Work to be completed :: Your task is to copy the lines of the data below from the line holding "Wireless Range |" through the line holding "Storm Harn is", inclusive, exactly and with nothing added.

Records ::

----------

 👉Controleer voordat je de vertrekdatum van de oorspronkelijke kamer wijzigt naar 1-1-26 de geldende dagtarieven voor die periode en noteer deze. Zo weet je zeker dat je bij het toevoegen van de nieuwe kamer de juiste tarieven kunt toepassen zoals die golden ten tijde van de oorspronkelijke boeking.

----------

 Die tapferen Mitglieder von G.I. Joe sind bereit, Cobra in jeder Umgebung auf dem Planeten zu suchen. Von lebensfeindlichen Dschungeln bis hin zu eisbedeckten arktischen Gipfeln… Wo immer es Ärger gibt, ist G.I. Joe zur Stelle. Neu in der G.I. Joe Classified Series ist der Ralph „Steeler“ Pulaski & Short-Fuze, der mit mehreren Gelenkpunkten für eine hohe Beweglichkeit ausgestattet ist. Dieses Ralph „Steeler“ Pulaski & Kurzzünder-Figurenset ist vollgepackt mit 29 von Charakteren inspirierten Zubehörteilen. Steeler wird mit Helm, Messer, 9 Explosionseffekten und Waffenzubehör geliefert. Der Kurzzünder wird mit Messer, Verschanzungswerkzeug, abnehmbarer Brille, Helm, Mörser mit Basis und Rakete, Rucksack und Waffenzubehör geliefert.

----------

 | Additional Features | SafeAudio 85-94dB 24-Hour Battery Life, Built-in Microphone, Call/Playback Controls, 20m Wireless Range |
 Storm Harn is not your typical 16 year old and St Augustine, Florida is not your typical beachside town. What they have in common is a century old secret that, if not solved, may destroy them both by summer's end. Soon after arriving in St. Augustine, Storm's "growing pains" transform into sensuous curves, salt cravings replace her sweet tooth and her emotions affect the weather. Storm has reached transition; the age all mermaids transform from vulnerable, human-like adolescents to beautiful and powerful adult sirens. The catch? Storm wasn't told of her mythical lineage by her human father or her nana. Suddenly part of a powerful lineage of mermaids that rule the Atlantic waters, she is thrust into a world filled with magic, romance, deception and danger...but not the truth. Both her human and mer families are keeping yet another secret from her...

----------

Result of the exercise ::
 | Additional Features | SafeAudio 85-94dB 24-Hour Battery Life, Built-in Microphone, Call/Playback Controls, 20m Wireless Range |
 Storm Harn is not your typical 16 year old and St Augustine, Florida is not your typical beachside town. What they have in common is a century old secret that, if not solved, may destroy them both by summer's end. Soon after arriving in St. Augustine, Storm's "growing pains" transform into sensuous curves, salt cravings replace her sweet tooth and her emotions affect the weather. Storm has reached transition; the age all mermaids transform from vulnerable, human-like adolescents to beautiful and powerful adult sirens. The catch? Storm wasn't told of her mythical lineage by her human father or her nana. Suddenly part of a powerful lineage of mermaids that rule the Atlantic waters, she is thrust into a world filled with magic, romance, deception and danger...but not the truth. Both her human and mer families are keeping yet another secret from her...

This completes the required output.